発掘された婚約指輪投げて寄越すフェリのフェリイン

戦乱が落ち着き、ガルグマグの拠点から戦地を共にした仲間が離れつつある中、イングリットもガラテア領に戻る準備を進めていた。
出立前日、フェリクスとお気に入りの串焼きを満喫した帰り道。突然「ついてこい」とだけ言ったフェリクスに連れられて、喫茶店に入った。
喫茶店の入り口には洒落た装丁の本が並び、店内にはテフと爽やかな木の香りが漂っていた。
入って奥の窓際の席に案内されると、注文をする前からミントティーがでてきた。
「もしかして、予約していたの?」
「ああ」
いつにも増してフェリクスの口数は少ない。
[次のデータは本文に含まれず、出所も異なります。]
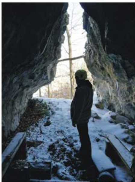
(Pećina Zaklon, Tajan)

Na Tajanu smo posjetili pećine u Srednjoj stijeni: Zaklon, Ugao, Pećinu pod kamenim mostom, Bivak i Pećinu u Srednjoj stijeni. U ovu zadnju su se naselili mali potkavasti šišmiši, a ponovo je pregledano tlo i nađeno više raspadnutih gvala sove (koja je potpuno istrijebila velike mišouhe šišmiše i večernje šišmiše prije nekoliko godina). Vrijeme nam nije dozvoljavalo da detaljnije pregledamo ostatke gvala, pa će to biti jedan od prioriteta za vrijeme istraživačkog kampa na Tajanu u avgustu ove godine. Zanimljiv je i nalaz ostatka nekadašnje pećine na putu za pećinu Zaklon, a također ostaci pećine koji se vide u napuštenom lokalnom kamenolomu u Trbušnici. Nadam se da će biti vremena i snaga da malo pregledamo i sedimente iz ove dvije stare pećine. U pećini Zaklon smo naišli i na tragove zlatnog šakala, i o tome objavili bilješku u Lovačkom listu . Iz vrela u Trbušnici i kod jezera na Mašici smo sakupili uzorke vodenih puževa Hydrobidae .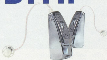
PHONAK AUDEO S SMART IX CERAMIC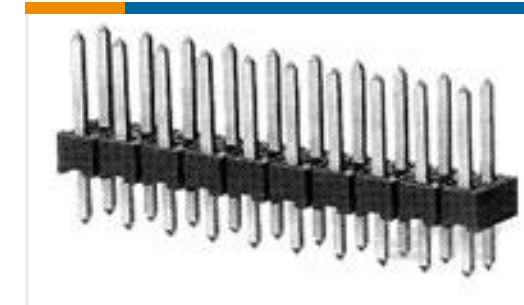
TE 产品编号826632-8 8P AMPMODU II PIN HDR.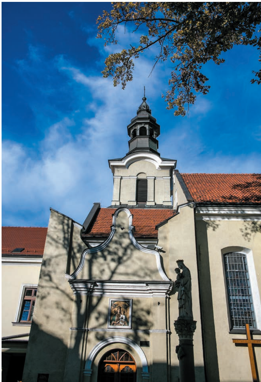
Kościół Świętego Ducha

思えば、串焼き屋で肉を頬張っている時から、イングリットばかりが話をしていた。
「今日はいつも以上に無口ね」
「ああ」
「もしかして、言いづらいことでもある?」
「後で話す」
フェリクスは品のある所作で茶器を手に取り茶を啜った。その様子を見届けてからイングリットも続く。
「……美味しい」
呟いたイングリットを見つめる褐色の瞳は、かつての婚約者が向けたような慈愛にあふれていた。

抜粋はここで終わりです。